Written by Sam Vaknin

The Internet is too rich. Even powerful and sophisticated search engines, such as Google, return a lot of trash, dead ends, and Error 404's in response to the most well-defined query, Boolean operators and all. Directories created by human editors - such as Yahoo! or the Open Directory Project - are often overwhelmed by the amount of material out there. Like the legendary blob, the Internet is clearly out of classificatory control. Some web sites - like Suite101 - have introduced the old and tried Dewey subject classification system successfully used in non-virtual libraries for more than a century. Books - both print and electronic - (actually, their publishers) get assigned an ISBN (International Standard Book Number) by national agencies. Periodical publications (magazines, newsletters, bulletins) sport an ISSN (International Serial Standard Number). National libraries dole out CIP's (Cataloguing in Publication numbers), which help lesser outfits to catalogue the book upon arrival. But the emergence of new book formats, independent publishing, and self publishing has strained this already creaking system to its limits. In short: the whole thing is fast developing into an awful mess.

Resolution is one solution.

Resolution is the linking of identifiers to content. An identifier can be a word, or a phrase. RealNames implemented this approach and its proprietary software is now incorporated in most browsers. The user types a word, brand name, phrase, or code, and gets re-directed to a web site with the appropriate content. The only snag: RealNames identifiers are for sale. Thus, its identifiers are not guaranteed to lead to the best, only, or relevant resource. Similar systems are available in many languages. Nexet, for example, provides such a resolution service in Hebrew.

The Association of American Publishers (APA) has an Enabling Technologies Committee. Fittingly, at the Frankfurt Book Fair of 1997, it announced the DOI (Digital Object Identifier) initiative. An International DOI Foundation (IDF) was set up and invited all publishers - American and non-American alike - to apply for a unique DOI prefix. DOI is actually a private case of a larger system of "handles" developed by the CNRI (Corporation for National Research Initiatives). Their "Handle Resolver" is a browser plug-in software, which re-directs their handles to URL's or other pieces of data, or content. Without the Resolver, typing in the handle simply directs the user to a few proxy servers, which "understand" the handle protocols.

The interesting (and new) feature of the system is its ability to resolve to MULTIPLE locations (URL's, or data, or content). The same identifier can resolve to a Universe of inter-related information (effectively, to a mini-library). The content thus resolved need not be limited to text. Multiple resolution works with audio, images, and even video.

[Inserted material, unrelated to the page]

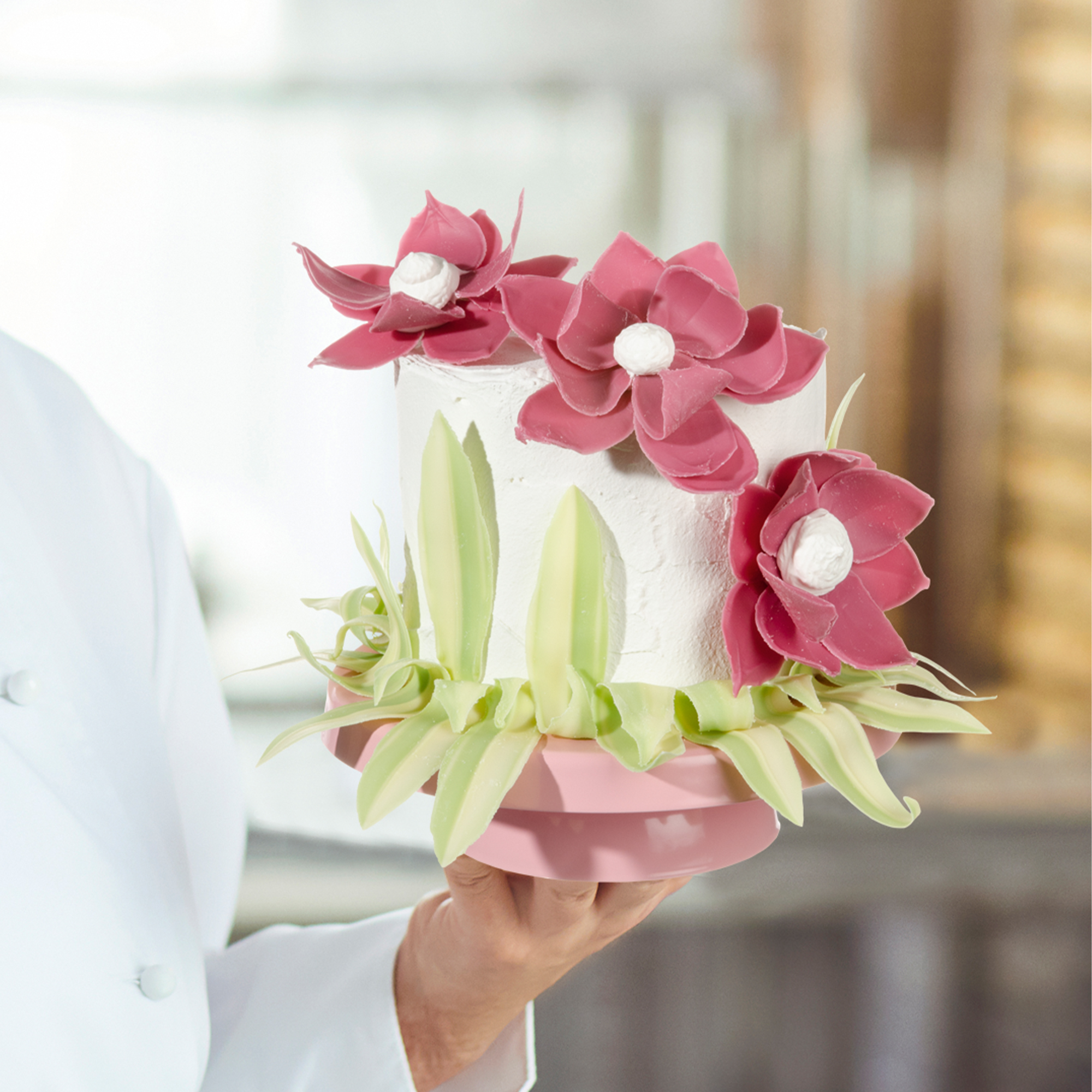 Diese eleganten grün-weißen Blätter aus Schokolade haben jeweils unterschiedliche Form und Biegung. Sie sind sowohl als Einzeldekor auf kleinen Törtchen und Desserts wie auch für kreative Blumendekors verwendbar. Verpackt sind sie in einer wiederverschließbaren Kunststoffbox.Feuchtigkeitsfest

The IDF's press release is worth some extensive quoting:

"Imagine you're the manager of an Internet company reading a story online in the "Wall Street Journal" written by Stacey E. Bressler, a co-author of Communities of Commerce, and at the end of the story there is a link to purchase options for the book.
Now imagine you are an online retailer, a syndicator or a reporter for an online news service and you are reading a review in "Publishers Weekly" about Communities of Commerce and you run across a link to related resources.
And imagine you are in Buenos Aires, and in an online publication you encounter a link to "D-Lib Magazine", an electronic journal produced in Washington, D.C. which offers you locale-specific choices for downloading an article.
The above examples demonstrate how multiple resolution can present you with a list of links from within an electronic document or page. The links beneath the labels - URLs and email addresses - would all be stored in the DOI System, and multiple resolution means any or all of those links can be displayed for you to select from in one menu. Any combination of links to related resources can be included in these menus.
Capable of providing much richer experiences then single resolution to a URL, Multiple Resolution operates on the premise that content, not its location, is identified. In other words, where content and related resources reside is secondary information. Multiple Resolution enables content owners and distributors to identify their intellectual property with bound collections of related resources at a hyperlink's point of departure, instead of requiring a user to leave the page to go to a new location for further information.
A content owner controls and manages all the related resources in each of these menus and can determine which information is accessible to each business partner within the supply chain. When an administrator changes any facet of this information, the change is simultaneous on all internal networks and the Internet. A DOI is a permanent identifier, analogous to a telephone number for life, so tomorrow and years from now a user can locate the product and related resources wherever they may have been moved or archived to."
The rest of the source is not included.